Бакли перевел дух и с видом бывалого торговца потер ладони:
– Смотрите, ваше величество: этот исход порадует решительно всех. Вы спасете восемьдесят тысяч жизней и озарите светом милосердия свое правление. Мужики будут счастливы, что сохранили шкуры… Ну, за вычетом тех, кто не сохранил. А мой покровитель будет расстроен нарушением плана, но возьмет свое иным способом. При открытии весенней Палаты он поднимет вопрос: сместить Ориджина с должности лорда-канцлера и отлучить от двора. За что? За кровавую расправу с невинными крестьянами, желавшими лишь справедливости! Мы всячески осветим тот факт, что Подснежники – жертвы голода и лишений, что ничего они не хотели, кроме крохи внимания вашего величества, и не оказали никакого сопротивления, но все равно были изрублены кайрами. Даже владыка Адриан, хотя и слыл тираном, никогда не приказывал рубить голодную чернь! Долой кровавого деспота Ориджина – убийцу невинных! А если ваше величество подчеркнет, что Ориджин затеял карательный поход самовольно, без вашего приказа, – дело обернется для него совсем плохо.
– То есть… вы предлагаете мне перекупить тысячу самострелов и тысячу копий, предназначенных для крестьян?
Он снова замахал ладонями:
– О, нет, ваше величество, отнюдь! Оружие – не предмет продажи, оно останется в собственности леди Магды… Я предлагаю вам жизни восьмидесяти тысяч крестьян. Ммм… скажем, по десять эфесов за голову.

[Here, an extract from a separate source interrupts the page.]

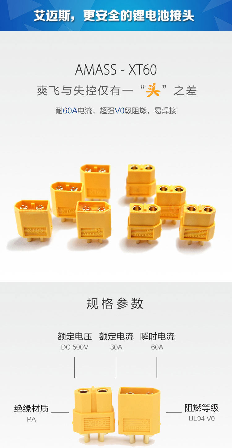 XT60 Синий 3,5 мм Позолоченный Банан Штепсельная Вилка TСоединительНазвание продукта штепсельная вилка AMASS XT60Модель продукта: XT60Применимые продукты: для батарей, электрической регулировки, зарядного устройства и т. Д.Преимущества продукта:1. Запатентованные продукты нового поколения, материнский конец для аккумулятора, Мужской конец для электрического регулируемого зарядного устройства.2. Оболочка хвостовой вогнутой конструкции, легко сварить, защищает Паяные соединения от водяного пара.3. Точная обработка пресс-форм, близкая к зазору, хорошая производительность уплотнения.4. Четкий символ положительной и отрицательной полярности.5. Толщиной с позолотой, с большой ток вилка типа банан дизайн, большего размера, свяжитесь с нами, несмотря на то, что это 3,5 мм Сделано в Китае, но может выдержать постоянную 80A амплитудных значений, 120A большого тока.6. Специальная конструкция оболочки + дизайн паза карты, чтобы решить проблему затычка головной боли, но также более тесно подключить вилку, более красивый внешний вид.7. Противоскользящая конструкция штепсельной вилки, легко подключается и тянет.8. Гуманная Хвостовая сварочная линия рот 180 градусов наружу аранжирует, позволяет сварочные работы быть проще.6,7 г/компл.Этот продукт XT60-компания amass, проводящая более года, для изучения преимуществ и недостатков традиционных вилок, были разработаны многократные тесты, были улучшены почти недостатки существующих штепсельных вилок модели, когда-то введен в США, вызывая популярность.

Она моргнула, не желая понимать. Бакли разъяснил с милою улыбкой:
– Меньше, чем за миллион монет, ваше величество спасут восемьдесят тысяч невинных бедняков. Сотня деревень, ваше величество! Или один крупный город! Недурная покупка, и цена весьма приемлемая. Не забывайте и дополнительную приятность: вы избавитесь от лорда-канцлера, чья опека наверняка утомила вас. Соглашайтесь, ваше величество! Мы готовы взять векселями.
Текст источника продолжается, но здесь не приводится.